● About this exercise
With the pictures omitted, set down exactly the lines from the one that contains "SAAB-Club Stand auf" through the last line of the data.

● Data section
[Start of section]

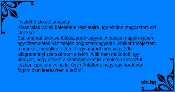 Szakmámat tekintve fűtésszerelő vagyok. A baleset napján éppen egy tízemeletes ház tetején dolgoztam egyedül. Amikor befejeztem a munkát, megállapítottam, hogy maradt még vagy 200 kilogrammnyi szerszámom a tetőn. A lift nem működött, így ahelyett, hogy ezeket a szerszámokat tiz emeleten keresztül kézben cipeltem volna le, úgy döntöttem, hogy egy hordóban fogom őket leereszteni a tetőről, kötél és csiga segítségével. Miután a földszinten rögzítettem a kötelet, felmentem a tetőre és bepakoltam a szerszámokat a hordóba. Ezután lementem a fölszintre, kioldottam a kötelet, és jó erősen tartottam, hogy a 200 kilónyi szerszám lassú leereszkedését biztosítsam. A baleseti jelentés 11. szakaszában láthatják, hogy testsúlyom 60 kg. Elképzelhetik a meglepetésemet, amikor a 200 kilónyi szerszám súlya hirtelen felröppentett a levegőbe. Én lélekjelenlétemet elvesztve elfelejtettem elengedni a kötelet. Szükségtelen említenem, hogy meglehetősen ijesztő ütemben repültem felfelé az épület fala mentén, neki-neki ütődve annak oldalához. Az ötödik emelet magasságában találkoztam össze a lefelé zuhanó hordóval. Ez a magyarázata a repedt koponyámnak és a törött kulcscsontomnak. Csak kevéssé lassultam le, és így folytattam az egyre gyorsuló emelkedésemet és meg sem álltam addig, míg a jobb kezem ujjpercei öt centi mélyen bele nem fúródtak a csigába. Ez alkalommal szerencsére visszanyertem a lélekjelenlétemet és meg tudtam markolni a kötelet a fájdalom ellenére. Ezzel egyidőben a hordó nekicsapódott a földnek, aminek következtében letört az alja és a benne lévő szerszámok mind kiszóródtak. Így most már üres volt a hordó, így elkezdtem nagy sebességgel lefelé zuhanni az épület fala mentén. Az ötödik emelet közelében ismételten összetalálkoztam a hordóval, ami éppen felfelé tartott. Ez a magyarázata mindkét törött bokámnak és a hasadásoknak a lábszáraimon. Amikor nekicsapódtam a hordónak, eléggé lelassultam ahhoz, hogy csak három hátcsigolyám, két bordám törjön el, amikor a fölre érkezvén a szerszámokra estem. Sajnálattal jelentem, hogy amint ott feküdtem a földön nagy fájdalmak közepette, ismét elvesztettem a lélekjelenlétemet és elengedtem a kötelet. Ekkor a hordó hirtelen megindult egyenesen felém, egyre gyorsuló, szédítő sebességggel. A hordó leérkezvén, eltörte a medencecsontomat. Sajnálattal kell közölnöm, itt elvesztettem az eszméletemet, és többre nem emlékszem...
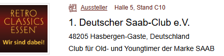 SAAB-Club Stand auf der Retro Classics Essen vom 08.-12.04.2026
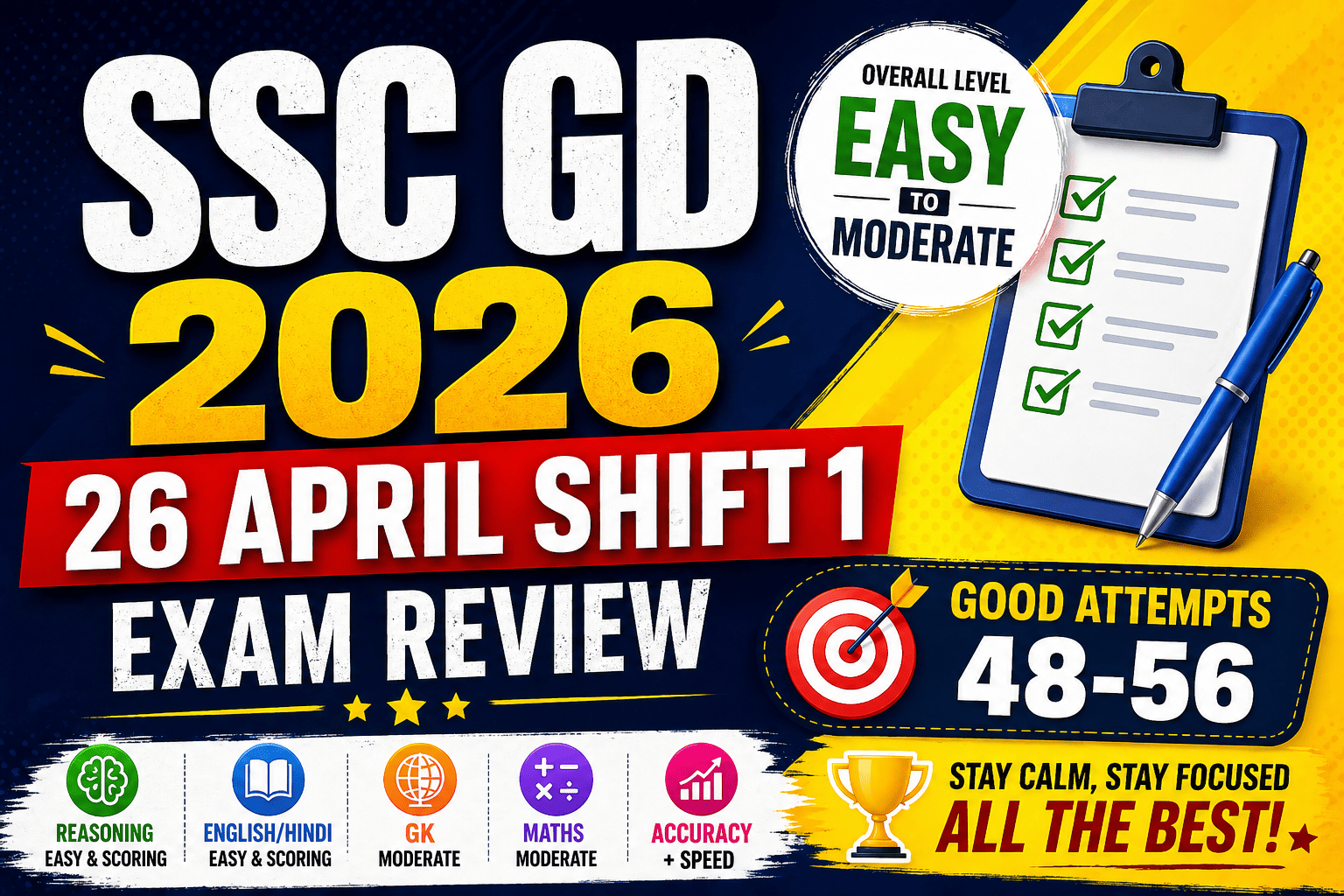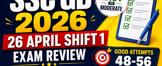 SSC GD Exam Analysis 2026: 26 April Shift 1 The SSC GD Exam Analysis 2026 for 26 April Shift 1 is based on feedback shared by candidates who appeared in the first shift. This detailed exam review will help aspirants understand the difficulty level, good attempts, section-wise analysis, exam pattern, and preparation strategy for upcoming shifts. As per candidate reactions, the overall level of the SSC GD 26 April Shift 1 exam was Easy to Moderate. Reasoning and English/Hindi were scoring, while GK and Mathematics [...]
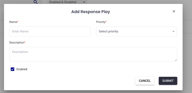 - Name the Response Play, provide a description, and Priority. The priority of the Response Play will determine Notification Overrides. (If DND / Critical Alert Override is enabled within the user’s mobile application – as long as the Response Play priority is High or Critical it will override custom sound profiles)

[End of section]

● Response
 SAAB-Club Stand auf der Retro Classics Essen vom 08.-12.04.2026
 SSC GD Exam Analysis 2026: 26 April Shift 1 The SSC GD Exam Analysis 2026 for 26 April Shift 1 is based on feedback shared by candidates who appeared in the first shift. This detailed exam review will help aspirants understand the difficulty level, good attempts, section-wise analysis, exam pattern, and preparation strategy for upcoming shifts. As per candidate reactions, the overall level of the SSC GD 26 April Shift 1 exam was Easy to Moderate. Reasoning and English/Hindi were scoring, while GK and Mathematics [...]
 - Name the Response Play, provide a description, and Priority. The priority of the Response Play will determine Notification Overrides. (If DND / Critical Alert Override is enabled within the user’s mobile application – as long as the Response Play priority is High or Critical it will override custom sound profiles)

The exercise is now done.